### Your goal
Without the pictures, write the listing below out again, line for line.
START Supplied material
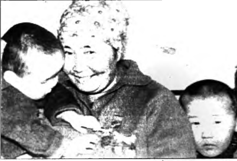
Доржо Эрхэтуевичай бүлэ тухай документальна фильм буулагданан байха юм.

Минии нарай няха үхиүүд найхада, ажалай герой Ондэн-
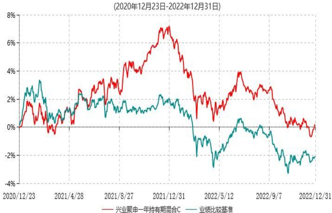
兴业聚申一年持有期混合C累计净值增长率与业绩比较基准收益率历史走势对比图

注：本基金基金合同于2020年12月23日生效，根据本基金基金合同规定，基金管理人自基金合同生效之日起6个月内已使基金的投资组合比例符合基金合同的有关约定。
END Supplied material
### Written answer
Доржо Эрхэтуевичай бүлэ тухай документальна фильм буулагданан байха юм.

Минии нарай няха үхиүүд найхада, ажалай герой Ондэн-
兴业聚申一年持有期混合C累计净值增长率与业绩比较基准收益率历史走势对比图

注：本基金基金合同于2020年12月23日生效，根据本基金基金合同规定，基金管理人自基金合同生效之日起6个月内已使基金的投资组合比例符合基金合同的有关约定。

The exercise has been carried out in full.